Kennedy soon amassed twenty-odd more properties, including the Palace Building, and quit his full-time job before turning 30, which caught the eye of the press. In his office, he has an old Erie Times-News clipping. He's photographed mid-glimpse, gazing out of his office window at the nearby Baldwin Building.
"If I could do anything and know I wouldn't fail …" he says, smiling.
The Baldwins, Kennedy had discovered, planned to auction off the building and give the proceeds to charity. Although he had sunk his savings into the Palace Building, Kennedy headed to a local bank the day of the auction and obtained $25,000 on a line of credit to make him an eligible bidder. When he showed up, he was handed a placard with "2" on it. There wouldn't be a "3" or "4" or any other number but "1" – held by the Baldwins.

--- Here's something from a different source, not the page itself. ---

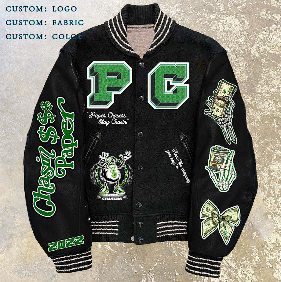 Chaqueta Universitaria de Béisbol Personalizada con Mangas de Cuero y Bordado de Alta Calidad al por Mayor de YUJIA OEM

When the bidding opened at $300,000, Kennedy raised his hand. Then a bid of $310,000 – the Baldwins – came in. So Kennedy raised $315,000. That was the last number said at the auction.
After getting the closing period extended from thirty to ninety days, Kennedy scrambled to find the funding. It's not that he doubted his ability to purchase the building, or didn't realize he would need the money; it's that not having the money first hadn't scared him out of taking action. It was ready, fire, aim, and he hit his mark.
Since then, Kennedy's been busy. Almost too busy to stop and measure his success. "It's always on to the next project, on to the next thing that catches my eye," he explains.
In the mid-2000s, Kennedy secured the former Meadville Junior High School – equal in size to the Renaissance Centre – and converted it into apartments. Then he sent a message to the president of Cobblestone Hotels via LinkedIn. Kennedy now has seven hotels – including one planned for the Bayfront, one at Penn State Erie, The Behrend College, and one in Texas – underway.
"When we first met, I told them our plan was to have five hotels in five years," he says, explaining that Cobblestone officials said they hear that often but don't see it. "We're on our seventh project in year three."
Tom Kennedy, the engineer, the developer, the New Yorker, the not-that-Kennedy Kennedy, has never dreamed of returning to New York City. "Sometimes I get frustrated when people don't realize all of the things we have here," he says. "We have our challenges, sure, but we'll overcome them."
From the highest point in the tallest building in the city, he has a good vantage point.
"It's really beautiful, isn't it?" Kennedy says, gazing out a fourteenth floor window of the Renaissance Centre. It's unclear whether he means the Lake, the City, a nearby building, or something else he sees that others don't. What is clear is that he's still looking. And he's still seeing. And failure isn't on the horizon.